Excluding images, repeat the data exactly as given.

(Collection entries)
::::

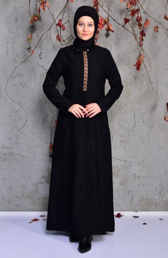 Couleur Noire. Tissu polyester. Simple. Sans doublure. Manches longues. Col officier. Hivernal. Option de grande taille disponible.
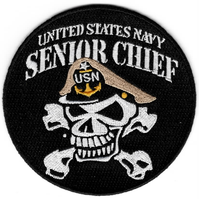 This is the version of the US Navy SENIOR Chief’s patch that shows the Skull wearing his KHAKI-colored “”””COMBO COVER”””” on a round/black patch. This patch does not come with velcro attached.
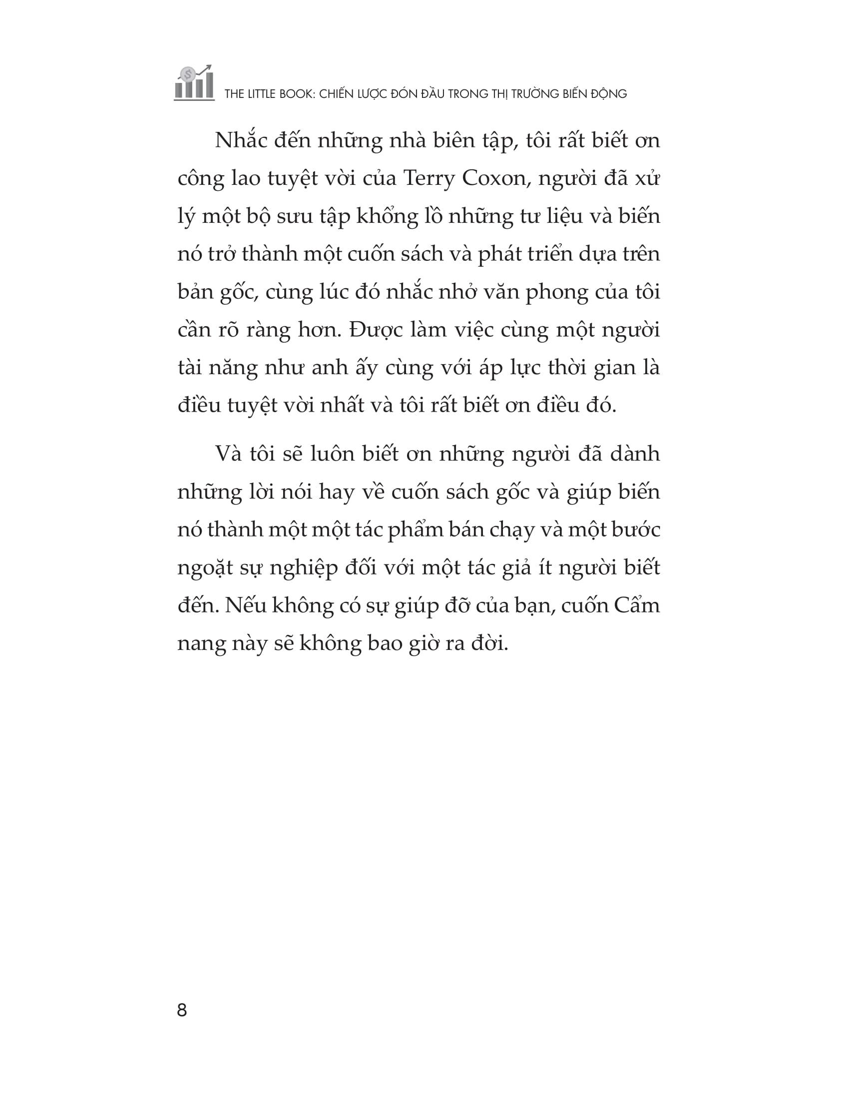 Đưa ra lộ trình thực tế về những gì đang diễn ra trên thị trường nhằm giúp bạn đón đầu xu hướng, cuốn sách đã vạch trần nhiều lầm tưởng chi phối logic đầu tư, đặc biệt là các phương tiện mua và giữ, mang lại lợi nhuận tương đối mà Phố Wall rao bán. Cung cấp cho bạn cái nhìn rõ ràng về các xu hướng đang định hình thị trường hiện nay, những xu hướng có khả năng cung cấp các lựa chọn đầu tư cho thập kỷ tới, “THE LITTLE BOOK: Chiến lược đón đầu trong thị trường biến động”dạy về giá trị của việc nghiên cứu cẩn thận trước khi bạn bỏ tiền ra đầu tư.
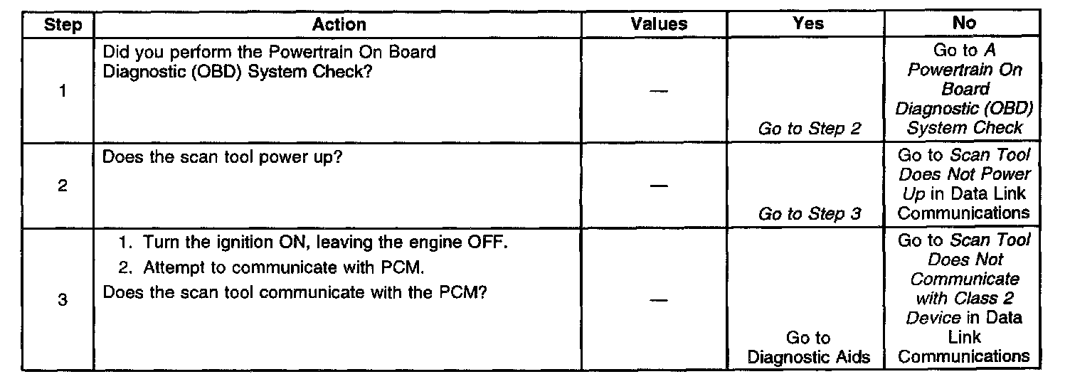 The Class II serial data circuit to the DLC allows bi-directional communication between the PCM and the scan tool. If communication between the scan tool and the PCM cannot be established, the procedure in the DLC Diagnosis table should be used to diagnose the condition.
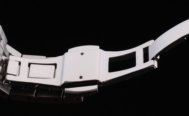 プッシュボタンリリース隠されたクラスプとローズゴールドメッキとつや消しステンレススチールリンクブレスレット:ベゼル
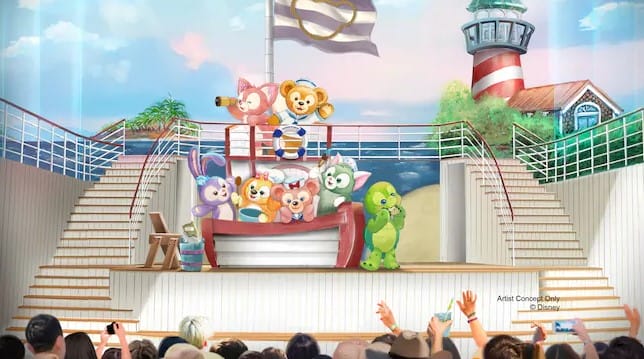 The storybook castle artwork behind the stage is inspired by castles from Disney stories and theme parks. It features nods to the Walt Disney Pictures castle, Le Château de la Belle au Bois Dormant at Disneyland Paris, and Rapunzel’s castle. Sketches by Disney artists Herbert Ryman, Frank Armitage, and Eyvind Earle also influenced the artwork, which sits above a decorative waterfall surrounded by a wave motif.

::::

:: Exercise response ::
 Couleur Noire. Tissu polyester. Simple. Sans doublure. Manches longues. Col officier. Hivernal. Option de grande taille disponible.
 This is the version of the US Navy SENIOR Chief’s patch that shows the Skull wearing his KHAKI-colored “”””COMBO COVER”””” on a round/black patch. This patch does not come with velcro attached.
 Đưa ra lộ trình thực tế về những gì đang diễn ra trên thị trường nhằm giúp bạn đón đầu xu hướng, cuốn sách đã vạch trần nhiều lầm tưởng chi phối logic đầu tư, đặc biệt là các phương tiện mua và giữ, mang lại lợi nhuận tương đối mà Phố Wall rao bán. Cung cấp cho bạn cái nhìn rõ ràng về các xu hướng đang định hình thị trường hiện nay, những xu hướng có khả năng cung cấp các lựa chọn đầu tư cho thập kỷ tới, “THE LITTLE BOOK: Chiến lược đón đầu trong thị trường biến động”dạy về giá trị của việc nghiên cứu cẩn thận trước khi bạn bỏ tiền ra đầu tư.
 The Class II serial data circuit to the DLC allows bi-directional communication between the PCM and the scan tool. If communication between the scan tool and the PCM cannot be established, the procedure in the DLC Diagnosis table should be used to diagnose the condition.
 プッシュボタンリリース隠されたクラスプとローズゴールドメッキとつや消しステンレススチールリンクブレスレット:ベゼル
 The storybook castle artwork behind the stage is inspired by castles from Disney stories and theme parks. It features nods to the Walt Disney Pictures castle, Le Château de la Belle au Bois Dormant at Disneyland Paris, and Rapunzel’s castle. Sketches by Disney artists Herbert Ryman, Frank Armitage, and Eyvind Earle also influenced the artwork, which sits above a decorative waterfall surrounded by a wave motif.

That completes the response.